Шкалик ушел, а озадаченный Шевелев, декан геологического факультета, ещё некоторое время сидел, бессмысленно изучая карту герцинской эпохи складчатости. Прорва времени, разделившая две эпохи – герцинскую и социалистическую – ничего не изменила в пользу неустроенного человечества.

Этим разговором и закончился первый публичный выговор нашему герою за пагубную привычку к алкоголю. Закончился тихо-мирно, без ущерба для общества и без последствий для противной стороны. Шкалик вышел из деканата не побитым, не подавленным моралью, если не принимать в счет некоторые гнусные намёки декана. Круглое, мол, сиротство, еврейское, знать, происхождение, многозначительная беспартийность. И еще факт, больно задевший меня, как автора криминогенного романа, должен здесь отметить. Впервые за всю свою будущую жизнь Шкалик Шкаратин получил первое Последнее Предупреждение. Но эта тема специального исследования, которому еще будет место в нашем романе. А засим я приглашаю вас занять позу Змеи перед нижеследующим продолжением.

– Прошу за кафедру, Евгений Борисович. Сегодня ваш кафедральный… так сказать… час. Захватите конспект… И сюды, сюды, пожалте, сюды…, – Лопшаков уступил свое место и встал в позе троянского коня, закладывая руки за спиной. у широкого, давно немытого окна.

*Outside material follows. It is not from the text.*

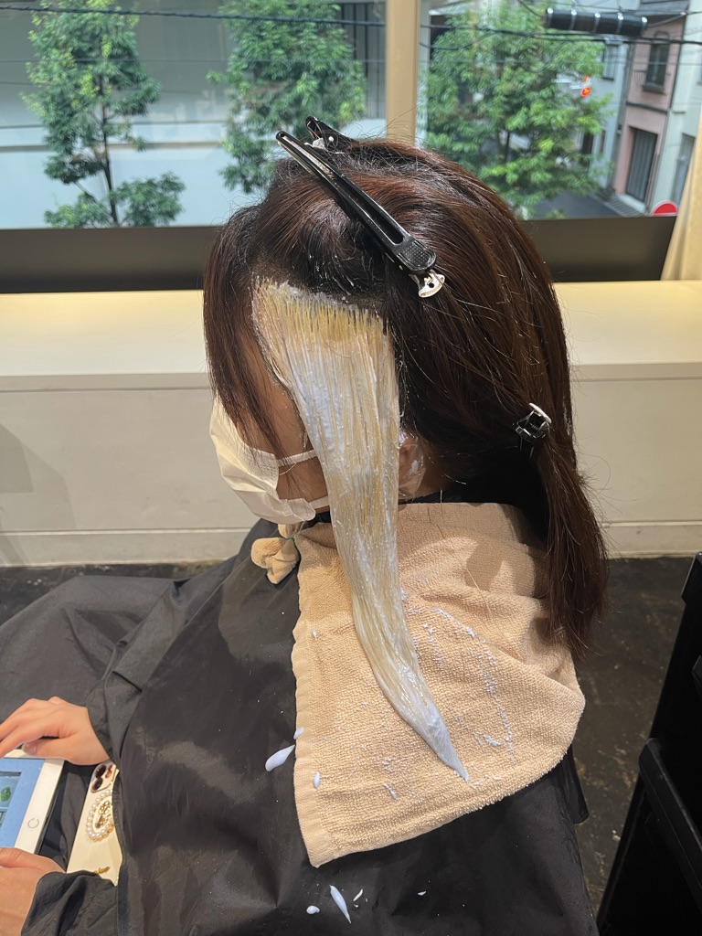 ブリーチなしダブルカラーは、ライトナーと呼ばれる薬剤で明るく染めてから、再び色を入れる染め方をします。

– …Итак, Вы Спиноза. Или Платон, Диоген Синопский, Парменид… Кто вам больше нравится… Вы – перед аудиторией… На площади разношёрстная публика… Торгующий люд, гончары… Симпатичные и… женщины. Здесь гомон и брань… Здесь поют и пьют… Корякин летописует что-то на английском, а Люся Щеглова, кажется, вяжет нечто под столом на самое себя или чтобы одарить… дремлющего Аполлона. Не вертите головами… Все внимание философу Шкаратину… Коллега Шкаратин накануне публичного заявления. Это его кафедральный час. Что вы скажете нам, вашим согражданам, выйдя из бочки?.. Чем просветите? Гневную филиппику? Общетеоретическую риторику? Может быть, призовете на войну за успеваемость? Ваше право… Перевоплощайтесь, Евгений Борисович. Три минуты вам на подготовку, на вхождение в роль. Прошу три минуты тишины…, – так он сказал, загадочный Лопшаков. Лопаясь от идеи и самодовольства. Сам воплощенный Спиноза и Аполлон. Умница и красавец. Сергей Варламович. Нагуталиненные туфли, галстук в горошек, бардовый костюм-тройка, шарм в виде вузовского значка да брелка на цепочке. Студенты, а более того студентки пребывали в восторге от личности и выходок своего философа. Терпели и философию.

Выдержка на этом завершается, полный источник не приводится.